EXERCISE DATA:
:::::
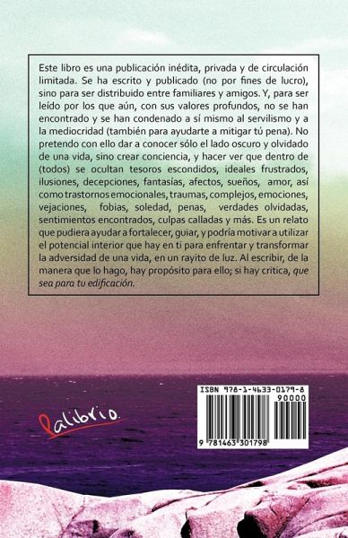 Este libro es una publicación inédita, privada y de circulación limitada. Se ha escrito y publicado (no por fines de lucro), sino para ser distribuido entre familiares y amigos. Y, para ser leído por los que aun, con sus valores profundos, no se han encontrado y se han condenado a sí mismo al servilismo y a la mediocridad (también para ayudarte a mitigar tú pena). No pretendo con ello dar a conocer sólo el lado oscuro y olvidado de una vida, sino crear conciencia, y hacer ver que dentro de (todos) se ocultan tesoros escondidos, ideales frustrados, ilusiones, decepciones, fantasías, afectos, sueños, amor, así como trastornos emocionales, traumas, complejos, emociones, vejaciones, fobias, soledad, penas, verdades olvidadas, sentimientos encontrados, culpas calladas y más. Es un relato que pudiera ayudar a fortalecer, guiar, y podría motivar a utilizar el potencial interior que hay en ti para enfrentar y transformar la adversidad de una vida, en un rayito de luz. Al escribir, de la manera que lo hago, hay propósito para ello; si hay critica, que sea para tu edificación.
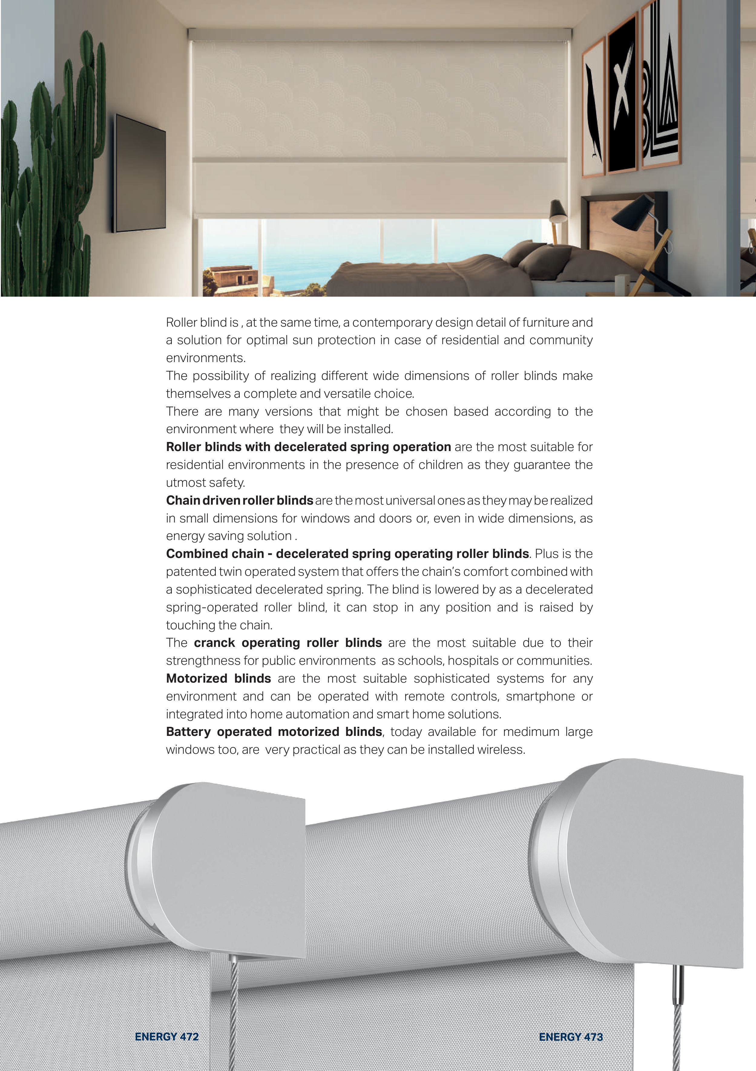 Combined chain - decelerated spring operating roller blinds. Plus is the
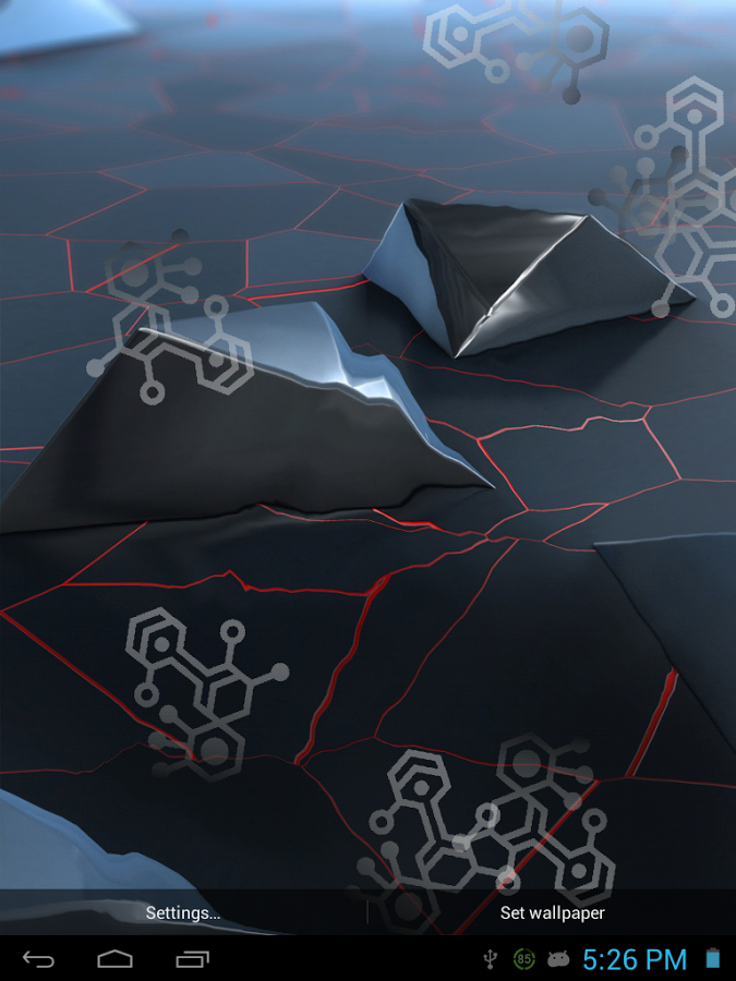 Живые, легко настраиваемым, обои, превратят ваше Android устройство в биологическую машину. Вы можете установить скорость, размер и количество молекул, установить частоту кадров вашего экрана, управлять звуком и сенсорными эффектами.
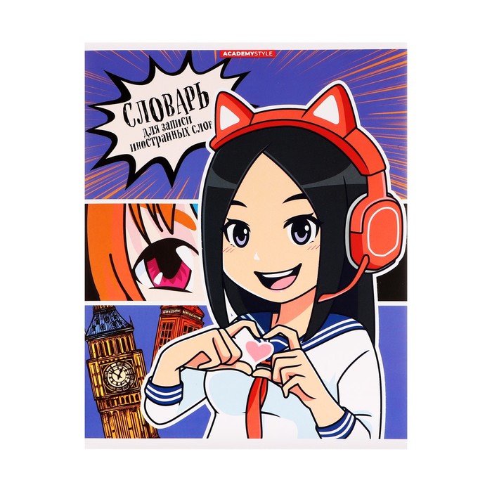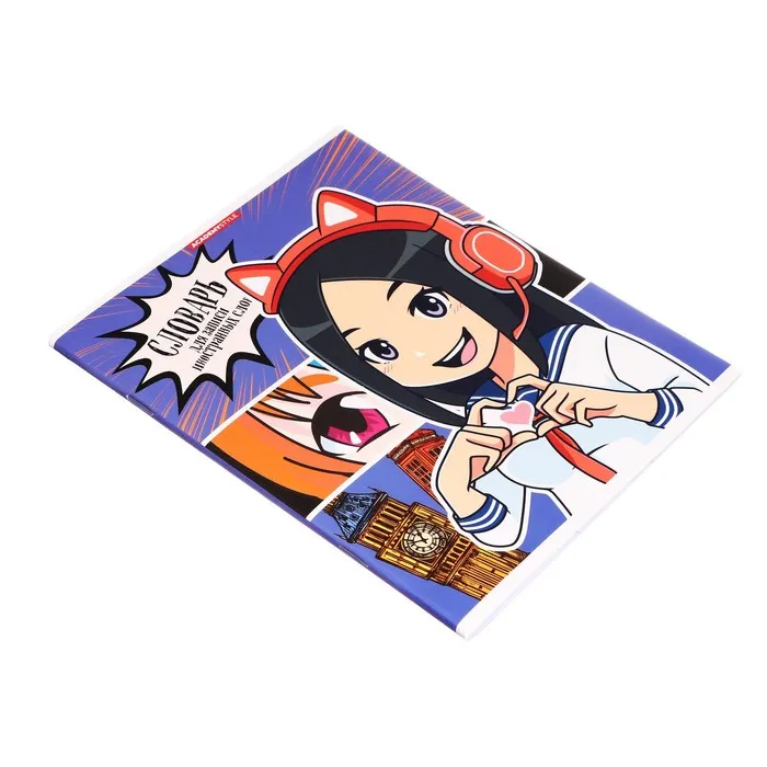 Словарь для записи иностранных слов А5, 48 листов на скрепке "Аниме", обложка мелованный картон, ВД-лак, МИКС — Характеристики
:::::
TASK DIRECTIONS:
With the images omitted, repeat all the data word for word.

WRITTEN ANSWER:
 Este libro es una publicación inédita, privada y de circulación limitada. Se ha escrito y publicado (no por fines de lucro), sino para ser distribuido entre familiares y amigos. Y, para ser leído por los que aun, con sus valores profundos, no se han encontrado y se han condenado a sí mismo al servilismo y a la mediocridad (también para ayudarte a mitigar tú pena). No pretendo con ello dar a conocer sólo el lado oscuro y olvidado de una vida, sino crear conciencia, y hacer ver que dentro de (todos) se ocultan tesoros escondidos, ideales frustrados, ilusiones, decepciones, fantasías, afectos, sueños, amor, así como trastornos emocionales, traumas, complejos, emociones, vejaciones, fobias, soledad, penas, verdades olvidadas, sentimientos encontrados, culpas calladas y más. Es un relato que pudiera ayudar a fortalecer, guiar, y podría motivar a utilizar el potencial interior que hay en ti para enfrentar y transformar la adversidad de una vida, en un rayito de luz. Al escribir, de la manera que lo hago, hay propósito para ello; si hay critica, que sea para tu edificación.
 Combined chain - decelerated spring operating roller blinds. Plus is the
 Живые, легко настраиваемым, обои, превратят ваше Android устройство в биологическую машину. Вы можете установить скорость, размер и количество молекул, установить частоту кадров вашего экрана, управлять звуком и сенсорными эффектами.
 Словарь для записи иностранных слов А5, 48 листов на скрепке "Аниме", обложка мелованный картон, ВД-лак, МИКС — Характеристики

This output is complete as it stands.